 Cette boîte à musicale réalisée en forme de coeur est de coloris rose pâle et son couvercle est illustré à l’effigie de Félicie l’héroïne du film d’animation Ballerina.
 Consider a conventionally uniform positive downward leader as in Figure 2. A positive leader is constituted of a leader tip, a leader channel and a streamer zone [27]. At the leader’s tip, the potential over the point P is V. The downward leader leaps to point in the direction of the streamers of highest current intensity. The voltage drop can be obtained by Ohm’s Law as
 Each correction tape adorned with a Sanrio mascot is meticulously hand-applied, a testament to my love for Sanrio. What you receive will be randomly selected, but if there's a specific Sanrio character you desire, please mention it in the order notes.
----
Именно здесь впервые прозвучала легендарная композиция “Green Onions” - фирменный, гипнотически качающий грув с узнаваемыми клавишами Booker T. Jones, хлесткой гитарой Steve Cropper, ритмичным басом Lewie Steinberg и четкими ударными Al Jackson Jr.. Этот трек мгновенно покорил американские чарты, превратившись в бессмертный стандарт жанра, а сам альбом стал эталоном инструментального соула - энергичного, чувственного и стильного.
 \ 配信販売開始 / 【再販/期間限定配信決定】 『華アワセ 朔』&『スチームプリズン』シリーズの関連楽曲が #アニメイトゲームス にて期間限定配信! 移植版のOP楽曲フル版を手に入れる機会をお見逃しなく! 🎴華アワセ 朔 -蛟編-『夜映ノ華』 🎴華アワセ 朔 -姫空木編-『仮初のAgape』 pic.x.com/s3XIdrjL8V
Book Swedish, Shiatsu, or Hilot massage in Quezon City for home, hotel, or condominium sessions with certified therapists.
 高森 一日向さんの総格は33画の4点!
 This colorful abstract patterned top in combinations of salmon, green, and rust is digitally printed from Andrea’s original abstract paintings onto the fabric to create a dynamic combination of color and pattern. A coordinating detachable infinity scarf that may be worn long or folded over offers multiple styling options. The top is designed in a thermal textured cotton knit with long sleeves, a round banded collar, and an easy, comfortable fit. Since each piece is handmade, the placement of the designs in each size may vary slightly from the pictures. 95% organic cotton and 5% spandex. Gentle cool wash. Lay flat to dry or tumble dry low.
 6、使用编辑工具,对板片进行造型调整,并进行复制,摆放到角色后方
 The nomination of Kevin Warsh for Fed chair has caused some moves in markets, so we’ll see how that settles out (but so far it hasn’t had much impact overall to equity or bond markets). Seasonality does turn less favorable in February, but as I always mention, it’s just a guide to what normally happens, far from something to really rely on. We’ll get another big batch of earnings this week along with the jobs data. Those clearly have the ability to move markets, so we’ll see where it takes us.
----
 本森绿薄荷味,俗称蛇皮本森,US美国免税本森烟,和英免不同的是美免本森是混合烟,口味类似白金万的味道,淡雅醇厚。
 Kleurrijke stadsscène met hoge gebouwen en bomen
----
• Task brief: Of the entries above, transcribe exactly those lines that fall between the line containing "Cette boîte à" and the line containing "Each correction tape", together with those two lines.

• Solution to this task:
 Cette boîte à musicale réalisée en forme de coeur est de coloris rose pâle et son couvercle est illustré à l’effigie de Félicie l’héroïne du film d’animation Ballerina.
 Consider a conventionally uniform positive downward leader as in Figure 2. A positive leader is constituted of a leader tip, a leader channel and a streamer zone [27]. At the leader’s tip, the potential over the point P is V. The downward leader leaps to point in the direction of the streamers of highest current intensity. The voltage drop can be obtained by Ohm’s Law as
 Each correction tape adorned with a Sanrio mascot is meticulously hand-applied, a testament to my love for Sanrio. What you receive will be randomly selected, but if there's a specific Sanrio character you desire, please mention it in the order notes.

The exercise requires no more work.